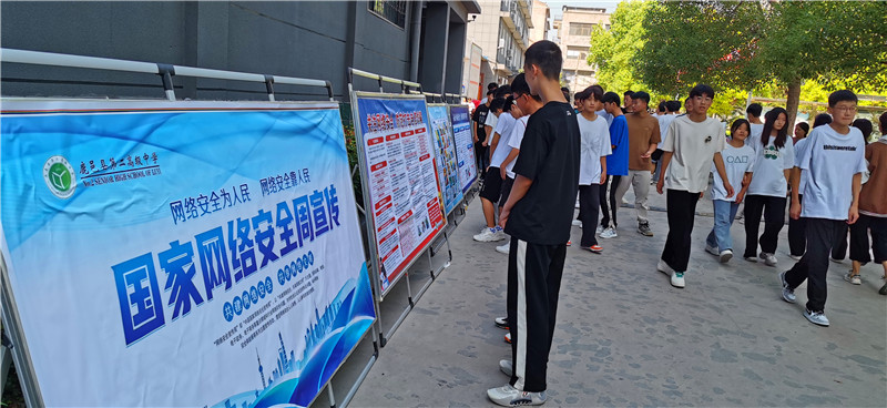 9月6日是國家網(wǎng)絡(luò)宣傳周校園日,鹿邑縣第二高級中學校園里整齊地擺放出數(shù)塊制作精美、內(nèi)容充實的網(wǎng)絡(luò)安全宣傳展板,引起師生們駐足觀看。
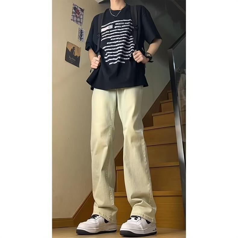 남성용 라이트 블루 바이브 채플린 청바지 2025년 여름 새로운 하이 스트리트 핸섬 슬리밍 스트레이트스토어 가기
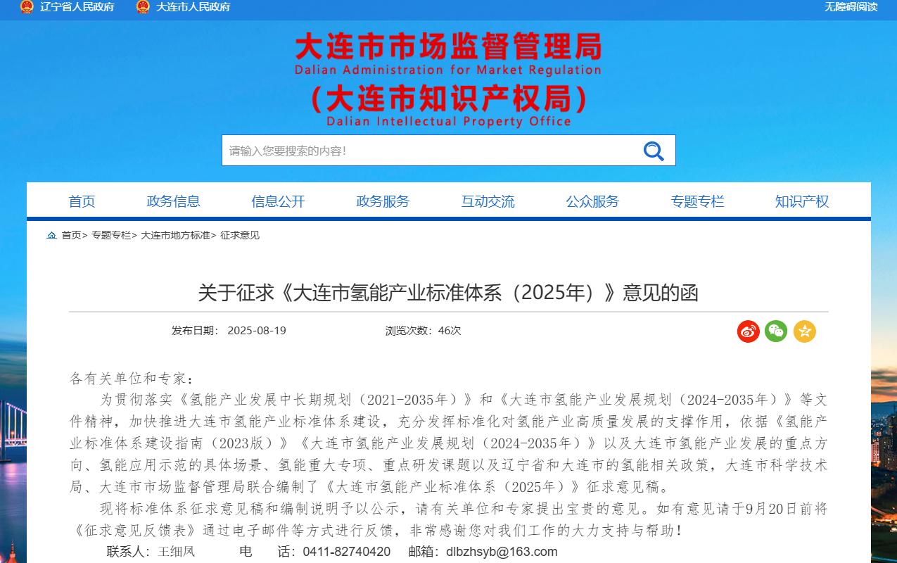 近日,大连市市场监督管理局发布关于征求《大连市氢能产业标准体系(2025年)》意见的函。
==
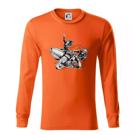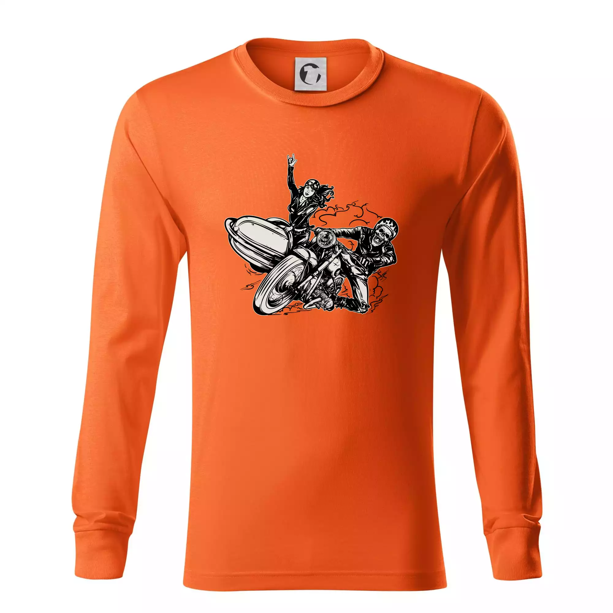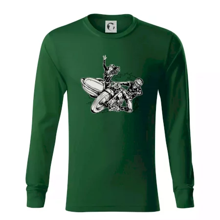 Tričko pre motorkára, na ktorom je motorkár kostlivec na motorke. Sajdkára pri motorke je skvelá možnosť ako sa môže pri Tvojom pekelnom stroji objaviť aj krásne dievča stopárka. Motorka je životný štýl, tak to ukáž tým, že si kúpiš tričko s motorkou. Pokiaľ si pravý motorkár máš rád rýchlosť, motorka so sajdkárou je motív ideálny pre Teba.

■ EXERCISE DESCRIPTION:
In the data above, the stretch from the line with "9月6日是國家網(wǎng)" through the line with "近日,大连市市场监督管理局发" is to be returned exactly, minus any pictures.

■ WRITTEN REPLY:
 9月6日是國家網(wǎng)絡(luò)宣傳周校園日,鹿邑縣第二高級中學校園里整齊地擺放出數(shù)塊制作精美、內(nèi)容充實的網(wǎng)絡(luò)安全宣傳展板,引起師生們駐足觀看。
 남성용 라이트 블루 바이브 채플린 청바지 2025년 여름 새로운 하이 스트리트 핸섬 슬리밍 스트레이트스토어 가기
 近日,大连市市场监督管理局发布关于征求《大连市氢能产业标准体系(2025年)》意见的函。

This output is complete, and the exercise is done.